▶ Data supplied:

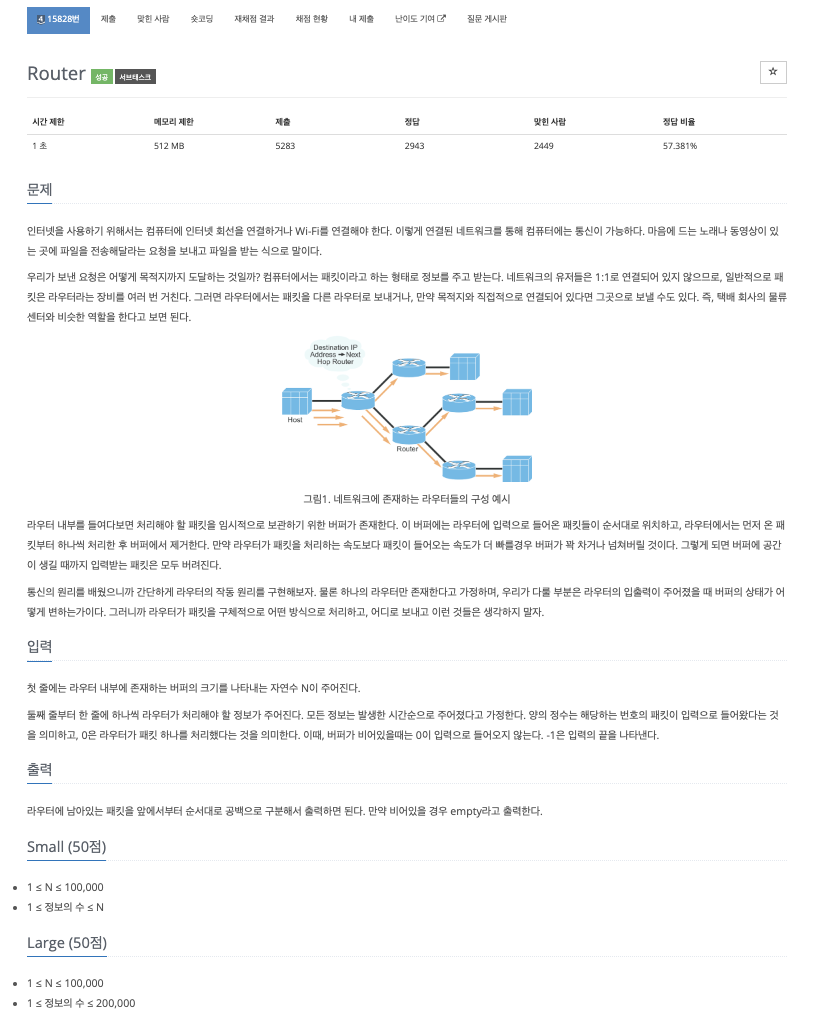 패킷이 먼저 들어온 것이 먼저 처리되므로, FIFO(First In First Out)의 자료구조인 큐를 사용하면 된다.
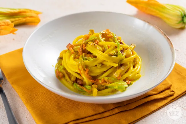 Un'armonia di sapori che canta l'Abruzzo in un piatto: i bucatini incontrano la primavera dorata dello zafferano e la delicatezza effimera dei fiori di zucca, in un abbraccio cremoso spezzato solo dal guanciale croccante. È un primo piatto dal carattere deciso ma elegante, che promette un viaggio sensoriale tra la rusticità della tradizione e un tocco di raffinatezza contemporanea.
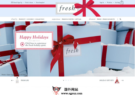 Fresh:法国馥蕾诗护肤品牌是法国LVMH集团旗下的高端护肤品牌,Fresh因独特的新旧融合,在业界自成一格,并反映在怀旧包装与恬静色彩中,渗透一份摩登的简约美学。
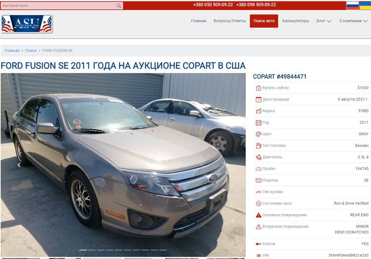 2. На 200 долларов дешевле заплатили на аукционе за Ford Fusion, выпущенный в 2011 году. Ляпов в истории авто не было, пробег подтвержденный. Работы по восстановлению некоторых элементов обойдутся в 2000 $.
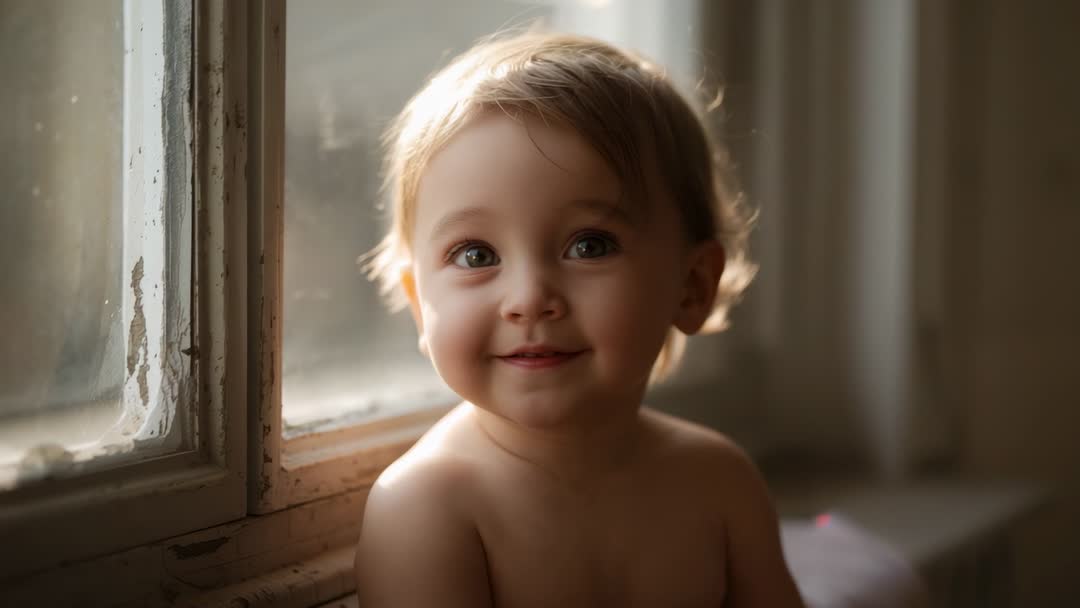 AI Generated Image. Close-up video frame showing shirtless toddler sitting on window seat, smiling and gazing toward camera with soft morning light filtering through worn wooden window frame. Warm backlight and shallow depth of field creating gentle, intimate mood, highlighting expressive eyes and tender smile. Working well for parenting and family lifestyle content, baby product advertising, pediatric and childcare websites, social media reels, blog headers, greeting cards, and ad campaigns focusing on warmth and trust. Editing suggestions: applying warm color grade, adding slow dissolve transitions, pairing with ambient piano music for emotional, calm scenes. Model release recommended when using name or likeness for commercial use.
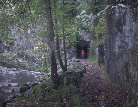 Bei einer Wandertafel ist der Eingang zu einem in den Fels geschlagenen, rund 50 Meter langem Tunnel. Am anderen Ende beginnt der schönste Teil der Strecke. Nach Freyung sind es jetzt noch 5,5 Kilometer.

▶ Assignment: A word-for-word restatement of all the lines above is needed, with the pictures omitted.

▶ Written solution:
 패킷이 먼저 들어온 것이 먼저 처리되므로, FIFO(First In First Out)의 자료구조인 큐를 사용하면 된다.
 Un'armonia di sapori che canta l'Abruzzo in un piatto: i bucatini incontrano la primavera dorata dello zafferano e la delicatezza effimera dei fiori di zucca, in un abbraccio cremoso spezzato solo dal guanciale croccante. È un primo piatto dal carattere deciso ma elegante, che promette un viaggio sensoriale tra la rusticità della tradizione e un tocco di raffinatezza contemporanea.
 Fresh:法国馥蕾诗护肤品牌是法国LVMH集团旗下的高端护肤品牌,Fresh因独特的新旧融合,在业界自成一格,并反映在怀旧包装与恬静色彩中,渗透一份摩登的简约美学。
 2. На 200 долларов дешевле заплатили на аукционе за Ford Fusion, выпущенный в 2011 году. Ляпов в истории авто не было, пробег подтвержденный. Работы по восстановлению некоторых элементов обойдутся в 2000 $.
 AI Generated Image. Close-up video frame showing shirtless toddler sitting on window seat, smiling and gazing toward camera with soft morning light filtering through worn wooden window frame. Warm backlight and shallow depth of field creating gentle, intimate mood, highlighting expressive eyes and tender smile. Working well for parenting and family lifestyle content, baby product advertising, pediatric and childcare websites, social media reels, blog headers, greeting cards, and ad campaigns focusing on warmth and trust. Editing suggestions: applying warm color grade, adding slow dissolve transitions, pairing with ambient piano music for emotional, calm scenes. Model release recommended when using name or likeness for commercial use.
 Bei einer Wandertafel ist der Eingang zu einem in den Fels geschlagenen, rund 50 Meter langem Tunnel. Am anderen Ende beginnt der schönste Teil der Strecke. Nach Freyung sind es jetzt noch 5,5 Kilometer.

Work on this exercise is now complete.